Bu ifadelere bakarak Başbakan’ın bu ülkenin en büyük ve en temel sorunu olan Kürt meselesini nasıl algıladığını anlayabiliriz. Ne yazık ki Erdoğan’ın aklında neredeyse Kürt sorunu diye bir sorun yok, bu yüzden de sorun sadece PKK.
Habur ve Oslo sürecinin AKP’nin Kürt meselesine PKK merkezli bir çözüm arayışının yansıması olduğunu yazdığımda itirazlarla karşılaştım. Kürt meselesine PKK merkezli çözüm arayışları AKP hükümetini çözümsüzlüğe sürüklemiştir; eğer hükümet meseleyi PKK’yla sınırlı görmeseydi bugün Kürt reformlarını sürdürüyor olurdu. İktidar büyük bir hevesle kapalı kapılar ardında PKK’yı ikna edip Kürt sorunundan da yırtabileceğini hesaplıyordu; neyse ki hayat bu kadar ucuz çözüm projelerine pirim vermiyor.
Bugünkü çatışma ve ölümlerin kaynağında büyük oranda Kürt sorununun görmezden gelinmesi yatıyor. Silahlı mücadelenin toplumsal gerekçelerini ortadan kaldırmadan, ciddi reformlar yapmadan, Kürtlerin haklarını tanımadan PKK’yı bitirebileceğini sanmak, onu yenebileceğini düşünmek sanırım bir tek bizim güvenlik bürokrasimize ve siyasilerimize has bir özgüven duygusu. Bu güven duygusunun hiçbir başarı şansı taşımadığını belirtmeye sanırım gerek bile yok.
Tekrar Başbakan’a dönelim. Başsağlığı dilemek için aradığı Sırrı Sakık, kendisinden akan kanı durdurmasını isteyerek şunları söyledi: “Evlat acısı çok ağır. Akan kanı ancak siz durdurabilirsiniz. Bu savaşı bitirin kimse evlat acısı çekmesin.”

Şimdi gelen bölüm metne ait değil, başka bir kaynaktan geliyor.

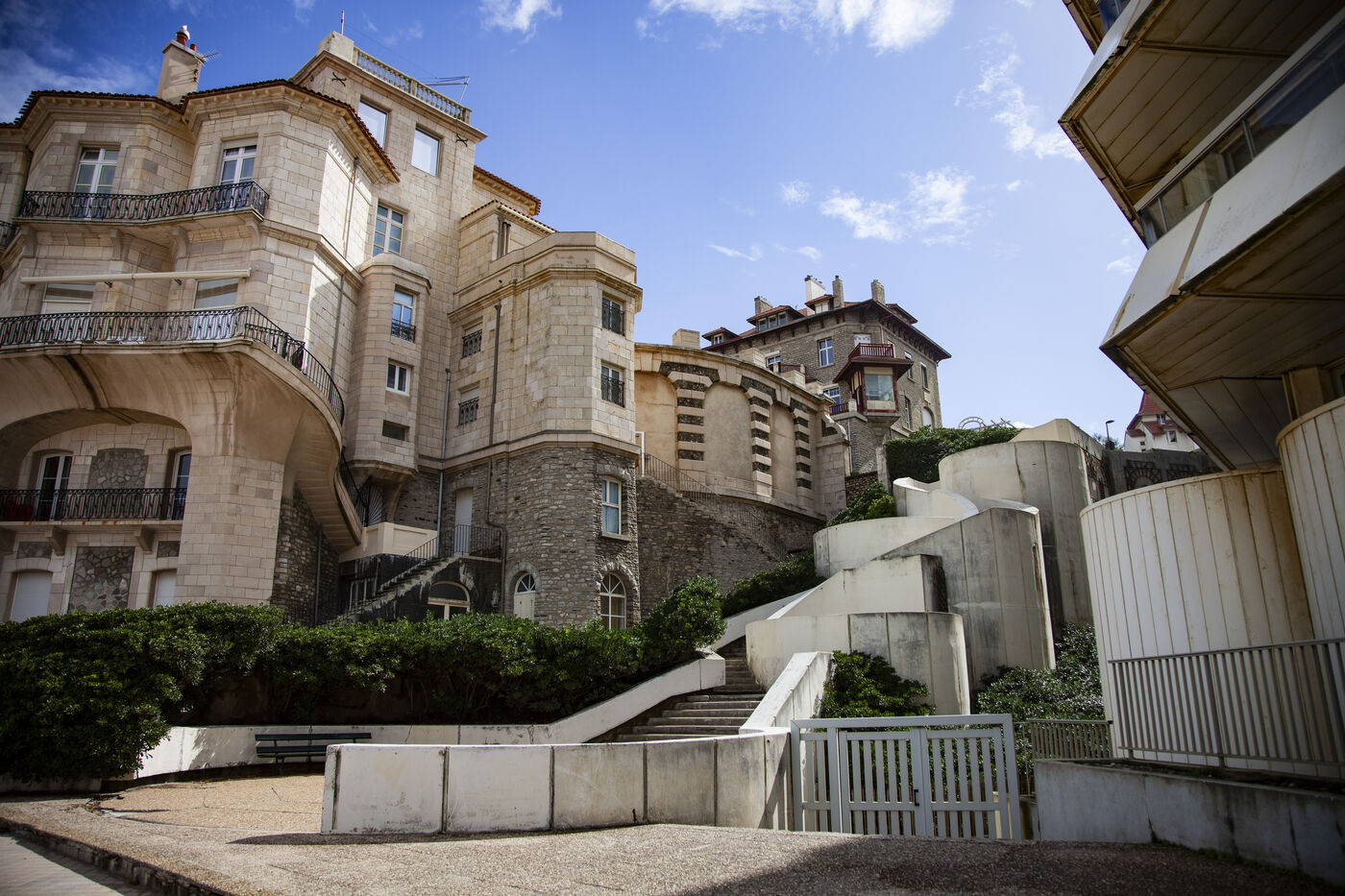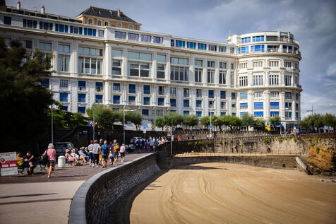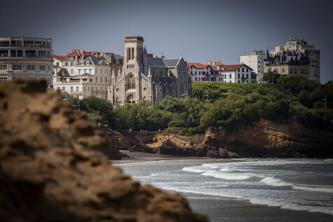 Biarritz, élégante ville balnéaire de la côte basque, dans le sud-ouest de la France, est une destination populaire depuis que les têtes couronnées de toute l'Europe l'ont choisie comme lieu de villégiature dans les années 1800. L'endroit est également prisé des surfeurs pour ses grandes plages et ses écoles de surf. Le rocher de la Vierge, emblème de Biarritz, est un affleurement rocheux surmonté d'une statue de la Vierge Marie. Accessible par une passerelle, le rocher offre une vue panoramique sur le golfe de Gascogne

Başbakan Erdoğan’ın yanıtı şöyle oluyor: “Ben elimden geleni yaptım, ancak karşılık bulmadı.”
Bu sözler Erdoğan’ın samimi düşüncelerini yansıtıyor. Savaşı bitirmek için örgütle temas kurdu. Elinden geldiği kadar makul davrandı. Risk aldı, eve dönüşün yolunu açtı. Bundan dolayı muhalefet onu “ihanet”le suçladı. PKK da Tokat Reşadiye’de ve Silvan’da gerçekleştirdiği saldırılarla Erdoğan’ın bütün beklentilerini boşa çıkardı.
“Ben elimden geleni yaptım” diyen Erdoğan, bu sözlerle bir yere kadar haklı ama şu an kendisini çözümsüzlüğe teslim etmiş durumda. PKK’dan da önce ortada bir Kürt sorunu var, ilk olarak bu görülmeli. Bugüne kadar hükümet, sorunun çözümü için neredeyse hiçbir köklü adım atmadı.Başbakan, PKK için olmasa bile en azından Kürt sorunu için elinden gelen her şeyi yapmalı, çatışma ve ölümleri asgariye indirmenin başka yolu yok. PKK’ya kızıp Kürt sorununu gözden çıkarmak bu ülkeyi felakete götürür.